Indeed, as the First Department recognized in Medical Facilities, “nothing in [Proc] suggests an intention to alter [the] general rule” (95 AD2d at 693), which is “that an action for breach of contract commences running at the time the breach takes place” (id.). Thus, only the very specific “inception of loss” or other similarly “distinct language” permits using the catastrophe date as the limitations date (Steen, 89 NY at 324; see Medical Facilities, 95 AD2d at 693). Here, the policy did not contain the specific “inception of loss” or other similarly distinct language, and we thus disavow our decisions in Baluk and Klawiter to the extent that they hold otherwise.

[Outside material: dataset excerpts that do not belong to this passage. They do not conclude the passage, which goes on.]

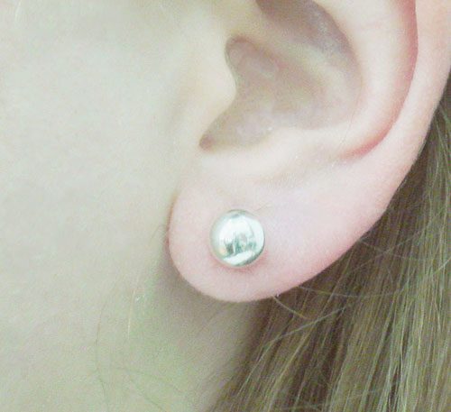 Aretes de plata ley 0,950 con peso 4 gramos. Diseño de esferas brillantes de 7 mm de diametro.
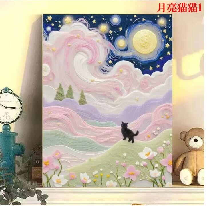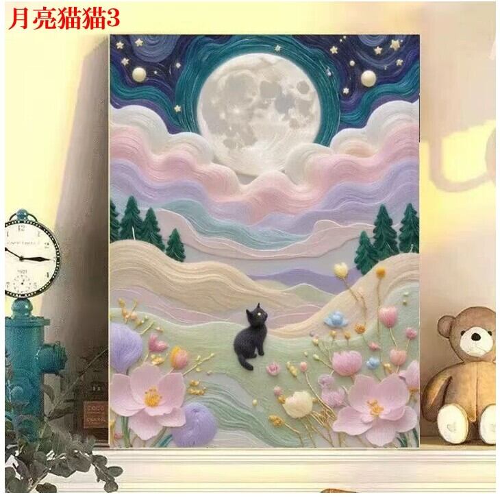 26.月亮猫猫 数字油絵 小さい 塗り絵 パズル塗り絵 数字キット塗り絵 DIY diy デジタル油絵 手芸キット 水海 絵画 絵具付 数字絵 大人の塗り絵 油絵 ペイントバイナンバー 推し 推し活 趣味 30x40cm フレームなし 花 風景 数字アート 猫 ネコ ねこ 月 雲 アニメ 漫画 | 520nail 健康美容雑貨専門店
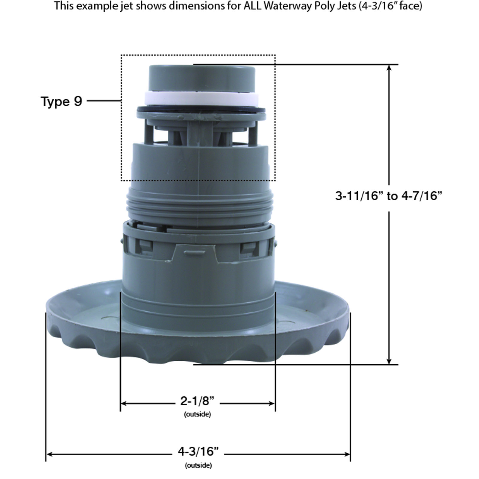 Jet Internal, Waterway Poly Jet. Gray, 4-3/16" Deluxe Scalloped face, with Directional style internal and Adjustable on/off control. Available in additional colors and styles.
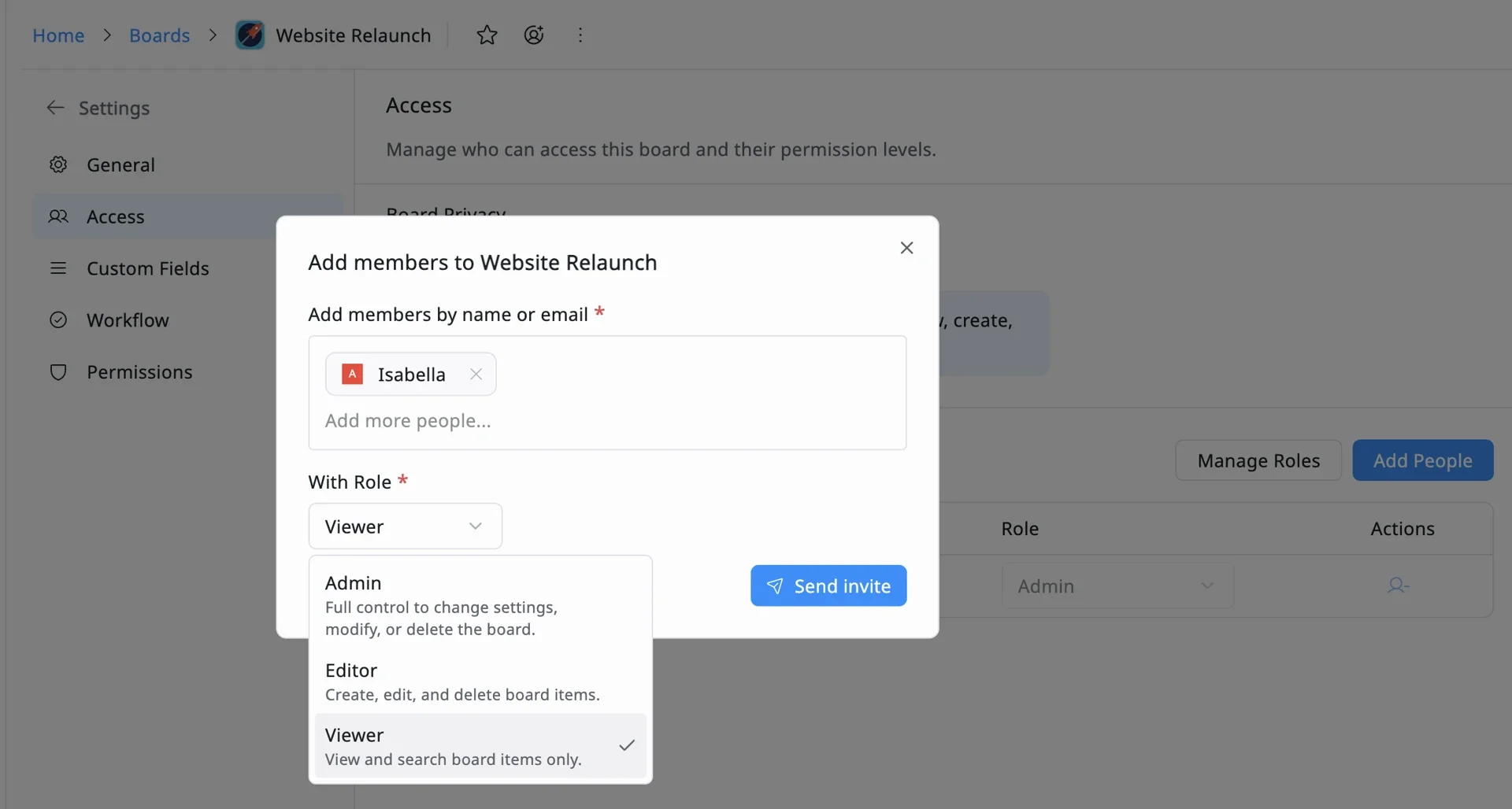 - Set Board Permissions: Use TaskFord’s roles to define how the team interacts with the plan:
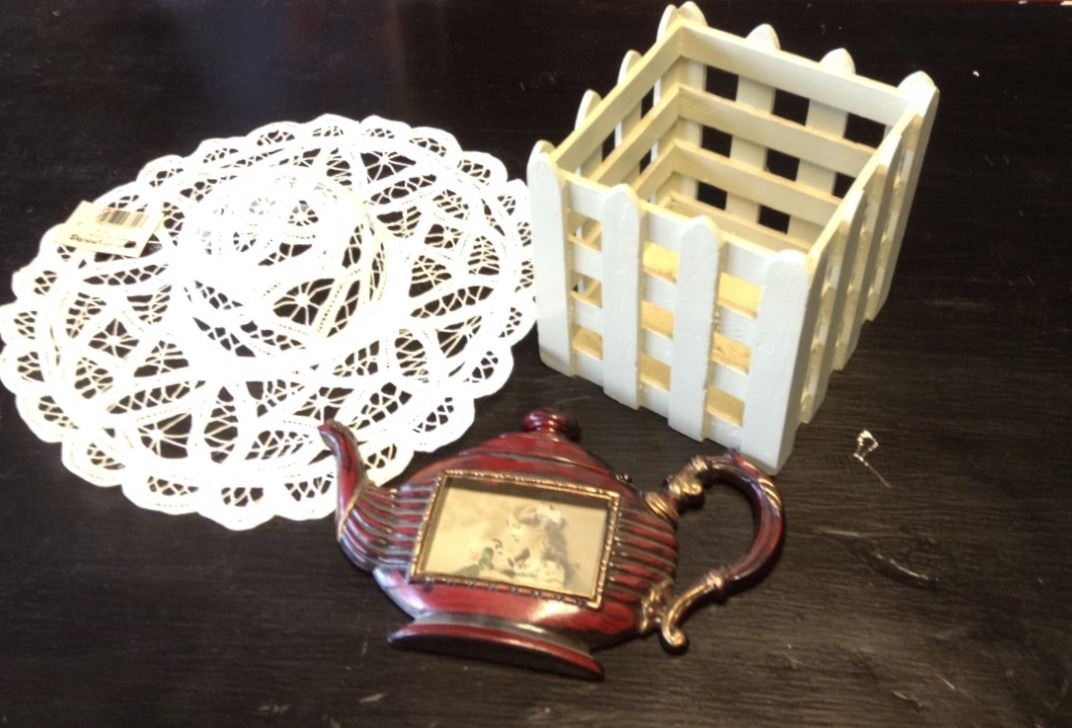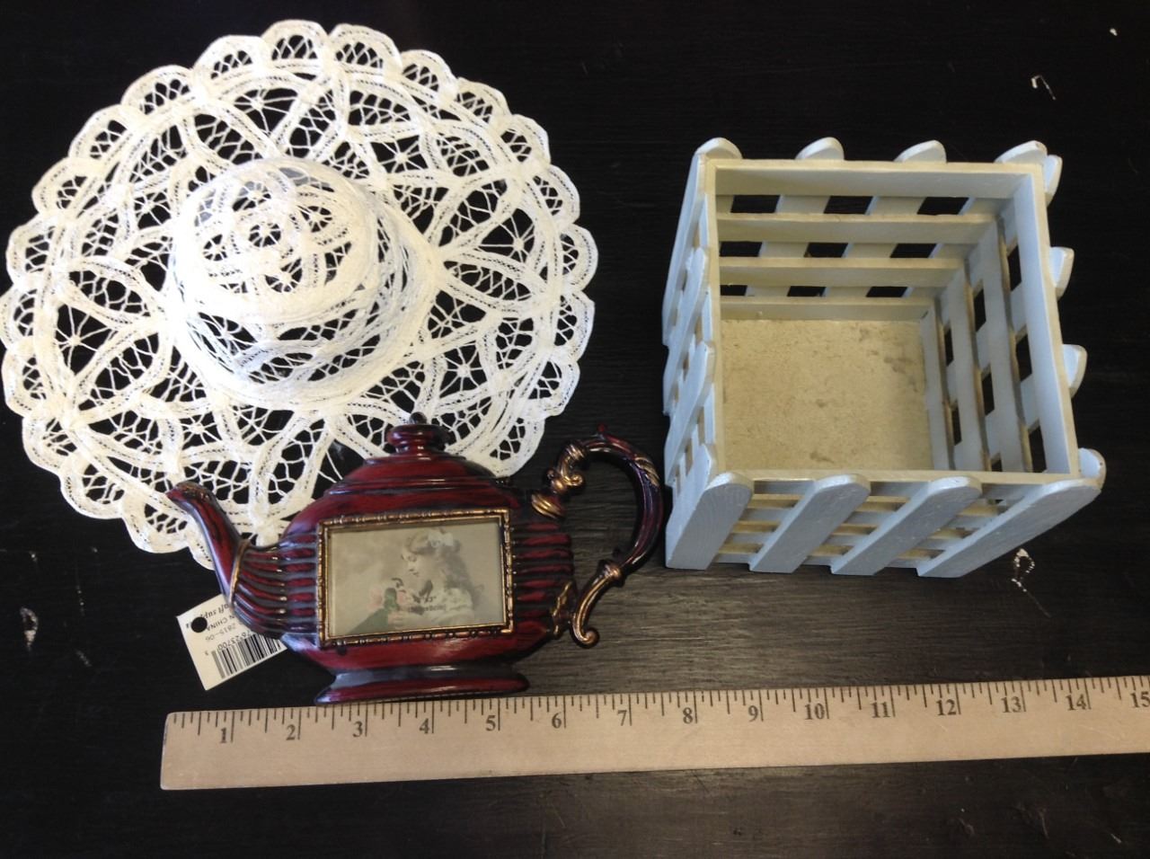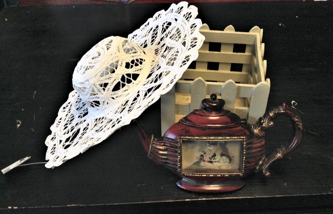 Tea Pot Picture Frame, Lace Hat Wall Hanging and Fence Post Inspired Plant Pot Holder
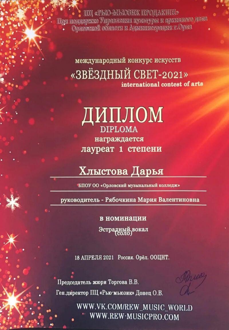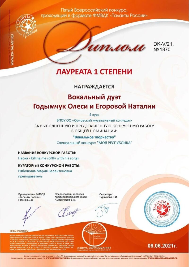 - Диплом моих студентов с 5 Всероссийского конкурса, проходящего в формате ФМВДК «Таланты России». Участник: вокальный дуэт Годымчук О. и Егорова Н. 4 курс – лауреат 1 степени, 2021 г.
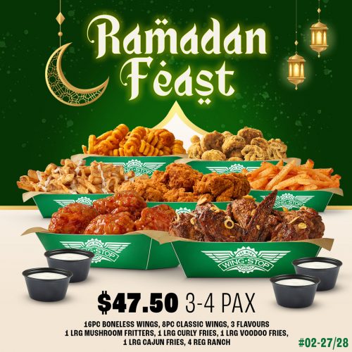 Gather the fam this Ramadan and break fast with a flavourful feast. Enjoy the Ramadan Feast at $47.50 (serves 3–4), packed with wings, fries and more. Available 19 Feb – 20 Mar 2026.
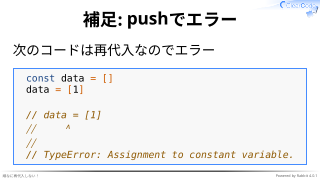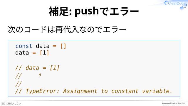 次のコードは再代入なのでエラー
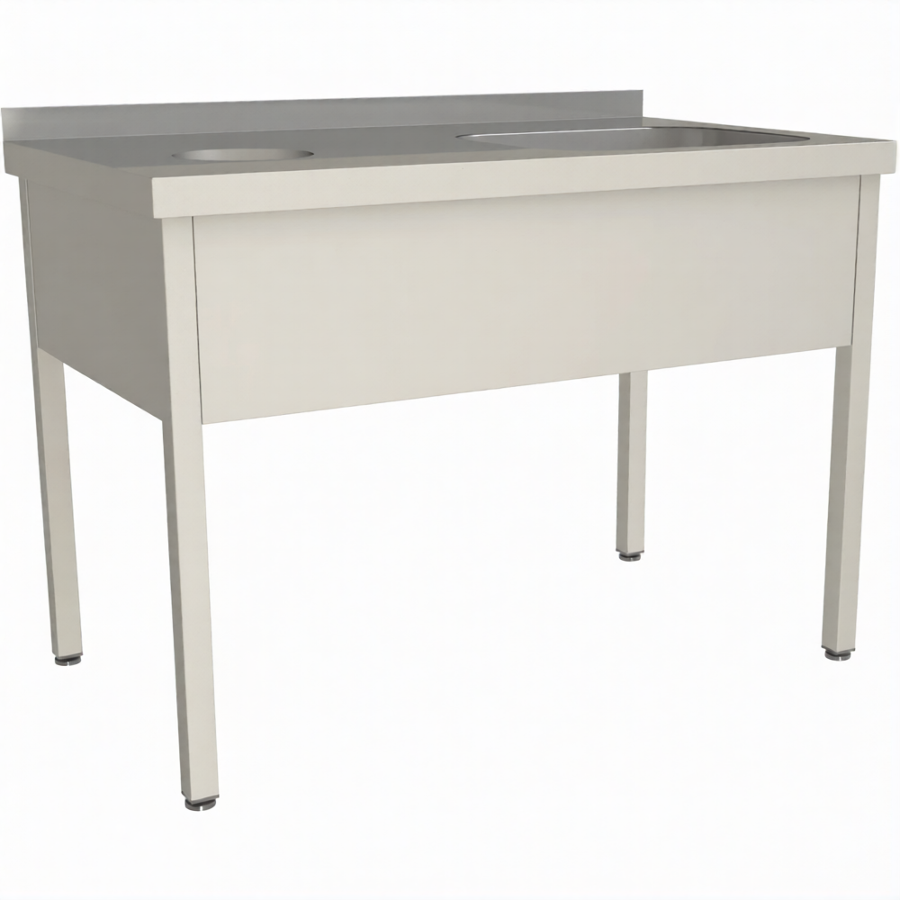 Стол для сбора пищевых отходов с ванной СПОВЦ/1-14/7-БО-П предназначен для применения на предприятиях общественного питания любого формата, пищевых производствах и пищеблоках.
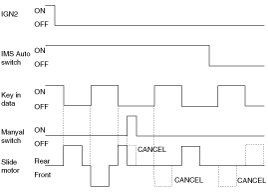 2. If Signal "BCM KEY IN" transmitted from BCM and signal "LOCAL KEY IN" in case that key is removed are changed from "LOW"(KEY IN) ->"HIGH" (KEY OFF), SEAT SLIDE is moved 50mm backward from KEY OUT position.
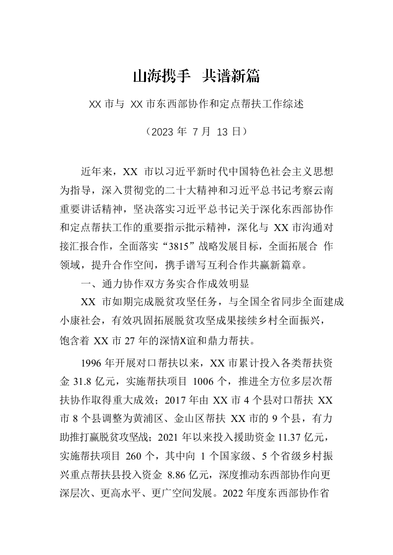 / XX市与XX市东西部协作和定点帮扶工作综述
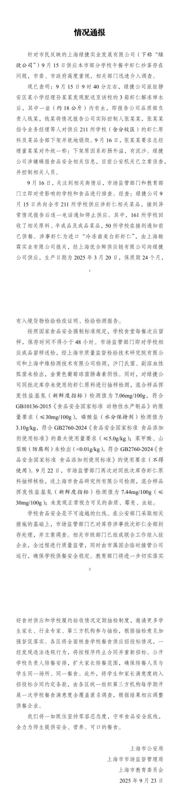 China.com在9月23日报道说,根据微信公共帐户“上海市场监督”,9月23日晚上,上海公共安全局和其他三个部门发出了有关“在某些学校午餐中有虾炒鸡蛋的问题”,如下:图片来源:图片来源:图片: [收费编辑:Wu Jiang]

Inasmuch as “ ‘[a]mbiguities in an insurance policy are to be construed against the insurer’ ” (Dean v Tower Ins. Co. of N.Y., 19 NY3d 704, 708 [2012]; see Steen, 89 NY at 324), we conclude that the two-year limitations period contained in the policy did not begin to run until “the loss [became] due and payable” (Steen, 89 NY at 324; see Cooper v United States Mut. Benefit Assn., 132 NY 334, 337 [1892]). As a result, we conclude that the court erred in granting that part of defendant's cross motion that sought summary judgment dismissing the complaint with respect to the 2009 loss, and we further modify the order by granting that part of plaintiff's motion to compel defendant to disclose the unredacted claim notes related to the 2009 loss, through the date of the denial letters. Present—Centra, J.P., Lindley, NeMoyer and Troutman, JJ.